- Göydərə
- Coordinates: 39°10′13″N 45°40′30″E﻿ / ﻿39.17028°N 45.67500°E
- Country: Azerbaijan
- Autonomous republic: Nakhchivan
- District: Julfa

Population (2005)^{[citation needed]}
- • Total: 1,332
- Time zone: UTC+4 (AZT)

= Göydərə =

Village and municipality in Nakhchivan, Azerbaijan

Göydərə (also Goydere and Goydara), formerly Norashen (Նորաշեն), is a village and municipality in the Julfa District of Nakhchivan, Azerbaijan. It is located 32 km in the north from the district center, on the right bank of the Alinjachay River, on the slope of the Zangezur ridge. Its population is busy with vine-growing, farming and animal husbandry.
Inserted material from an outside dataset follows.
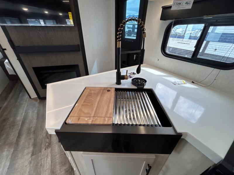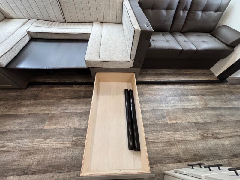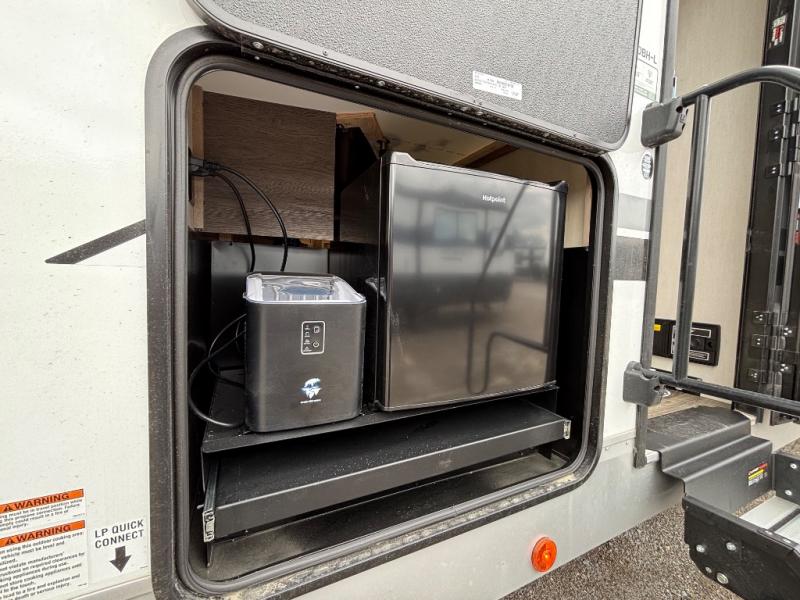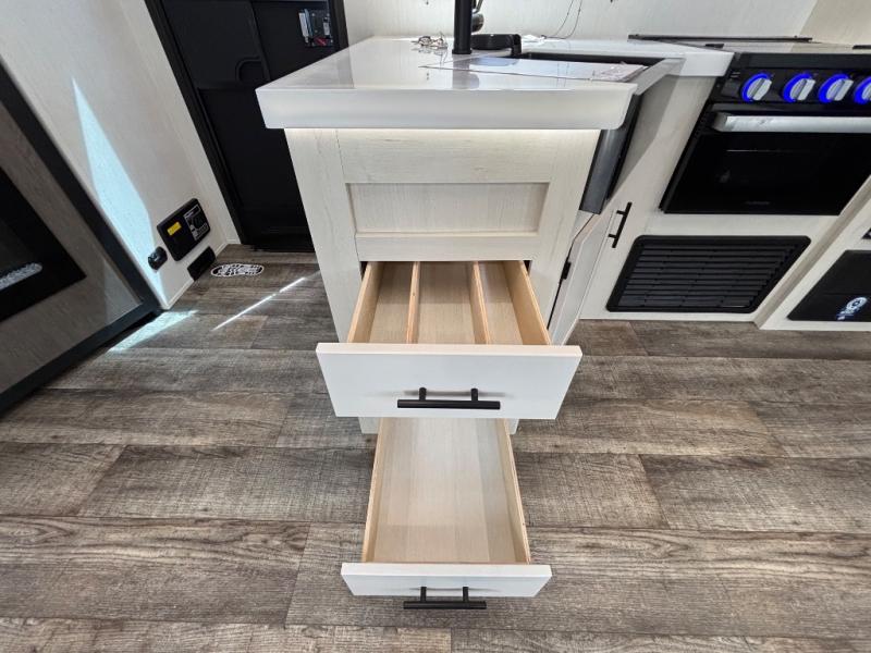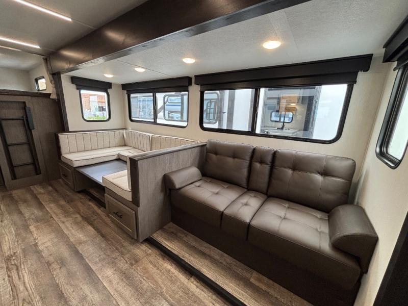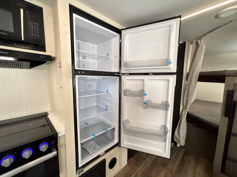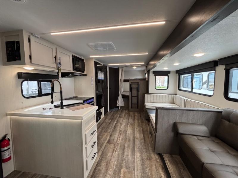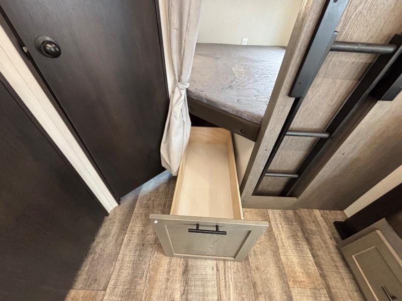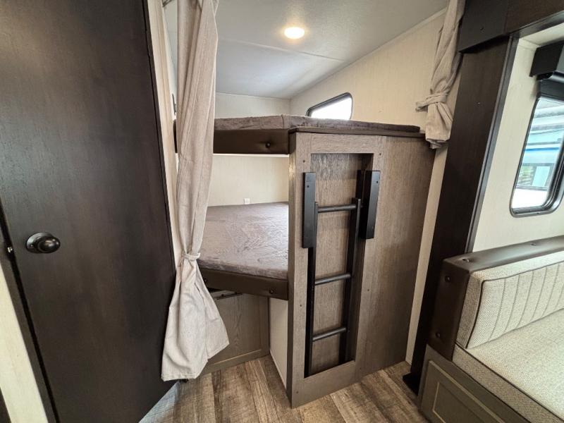 Looking for a multi-sleeper trailer to sleep nine to ten happy campers? You've found it in this dual entry model with an outside kitchen, double-size bunks, and a large slide out! The main living and kitchen area has a U-shaped dinette to utilize as a dining table, game table, work station, and/or an extra sleeping space. You will also find a hidden pantry behind the entertainment center and full kitchen amenities including a large sink and a residential-style refrigerator. The exterior provides a 20' awning for an outdoor living area, outside storage, plus large steps with oversized landing and quick release for convenience. You will also appreciate the Juice Pack that comes with a 100W solar panel, a battery, a 30 AMP solar charger, and more!

There are a secondary school, a cultural house, a library, a communication center, a pensioners' club and a medical center in the village. It has a population of 1,332.

==History==
Based on surviving manuscripts, Norashen ("New village" in Armenian), was an important center for scriptorium production from the 14th to the 18th century. In the village was an Armenian church, named Surp Astvatsatsin, a domeless basilica that dated back to the 9th or 10th century. It survived at least into the 1990s but is presumed to have been demolished sometime after that. In 1992 the name of the village was changed to Goydara ("Green valley").
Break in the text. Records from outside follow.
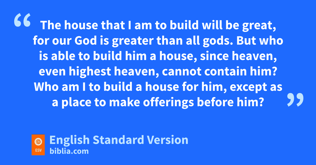 2 1 xNow Solomon purposed to build a temple for the name of the Lord, and a royal palace for himself. 2 2 yAnd Solomon assigned 70,000 men to bear burdens and 80,000 to quarry in the hill country, and z3,600 to oversee them. 3 aAnd Solomon sent word to Hiram the king of Tyre: b“As you dealt with David my father and sent him cedar to build himself a house to dwell in, so deal with me. 4 Behold, I am about to build a house for the name of the Lord my God and dedicate it to him for the burning of cincense of sweet spices before him, and for dthe regular arrangement of the showbread, and for eburnt offerings morning and evening, fon the Sabbaths and the new moons and the appointed feasts of the Lord our God, as ordained forever for Israel. 5 The house that I am to build will be great, gfor our God is greater than all gods. 6 hBut who is able to build him a house, since hheaven, even highest heaven, cannot contain him? Who am I to build a house for him, except as a place to make offerings before him? 7 So now isend me a man skilled to work in gold, silver, bronze, and iron, and in purple, crimson, and blue fabrics, trained also in engraving, to be with the skilled workers who are with me in Judah and Jerusalem, jwhom David my father provided. 8 Send me also cedar, cypress, and algum timber from Lebanon, for I know that kyour servants know how to cut timber in Lebanon. And my servants will be with your servants, 9 to prepare timber for me in abundance, for the house I am to build will be great and wonderful. 10 lI will give for your servants, the woodsmen who cut timber, 20,000 cors3 of crushed wheat, 20,000 cors of barley, 20,000 baths4 of wine, and 20,000 baths of oil.”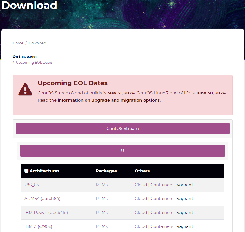 CentOS Stream 8의 빌드는 24년 3월 31에,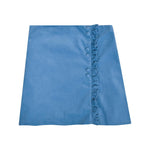 Dorothée, Jupe portefeuille à volants, en Velours côtelé bleu porcelaine
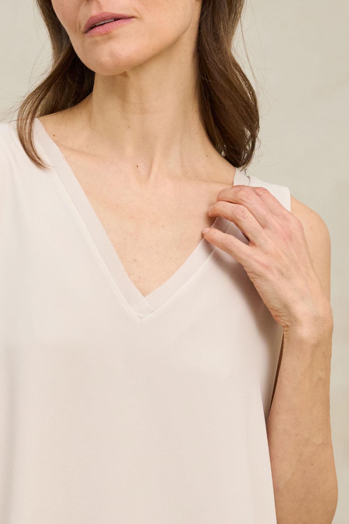Este top sin mangas presenta una silueta fluida con escote en pico tanto en la parte delantera como en la espalda, creando una línea estilizada y ligera. El tejido muestra una caída suave y continua, con un acabado liso y delicado que aporta movimiento natural a la prenda. El bajo ligeramente redondeado suaviza la estructura y refuerza su carácter relajado, mientras que el corte amplio permite que el top se deslice con ligereza sobre el cuerpo sin ceñirse.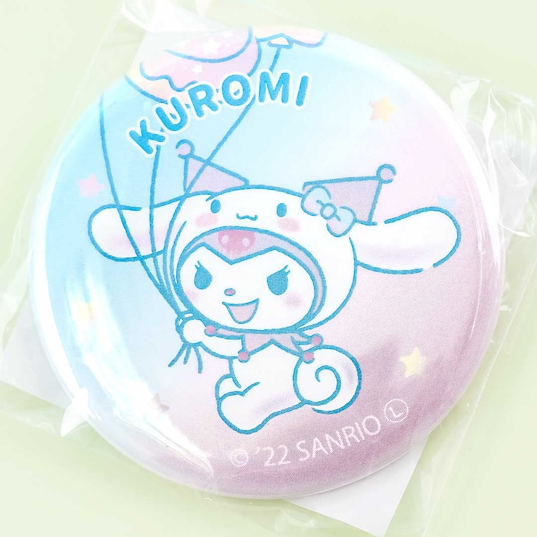 Jazz up your outfit with this super cute badge! It’s decorated with a print of Kuromi wearing a Cinnamoroll onesie and carrying balloons. This aluminum badge was designed in celebration of Cinnamoroll’s twentieth anniversary!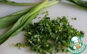 Для соуса нарежем пол пучка (количество произвольное и зависит от вашего вкуса, мне нравится побольше) черемши.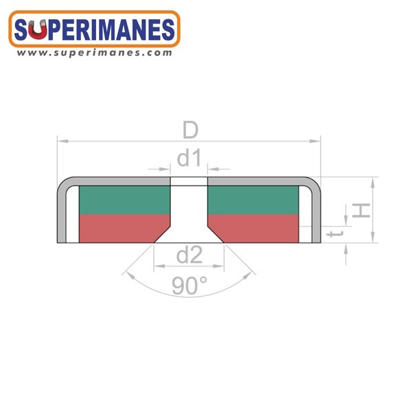 Estos imanes de neodimio están introducidos en un recipiente de acero. Cuando está en contacto directo con una superficie gruesa de hierro dicho recipiente de acero aumenta la fuerza de sujeción del imán. La fuerza ejercida puede ser menor si no hay contacto directo con la pieza contraria o si la chapa de hierro es delgada, tosca o está pintada.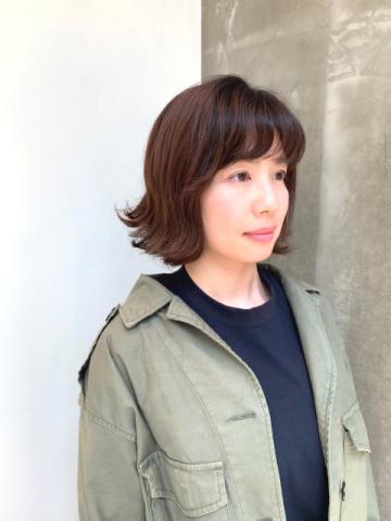 トップはフワリと大きめカール、全体に外ハネのワンカールでパーマをONです。

==Historical and archaeological monuments==

===Goydara Necropolis===
Goydara Necropolis - an Armenian cemetery from the Middle Ages, is located to the north-west of Goydara village, on the slope of a mountain. It is surrounded in the west with the valley, in the north with the mountain range, and in the east and south with the Goydara village. The gravestones include khatchkars, ram-shaped stones like those at the Julfa cemetery, and simpler rectangular chest-shaped stones. Exploration research works were carried out in 1990–91. All of the graves are in the east and west direction. The gravestones were kept. Stones for the chest on the graves are in a square prismatic shape. On the sides of some of the graves are relief carvings, including rifles and swords. There is the sign of an arrow on one of the ram stones. It is supposed that the monument belongs to the 13–17 centuries.

=== St. Astvatsatsin Monastery ===
St. Astvatsatsin Monastery was a 10th-century Armenian monastery located in the center of the village and was destroyed at some point between 1997 and 2001.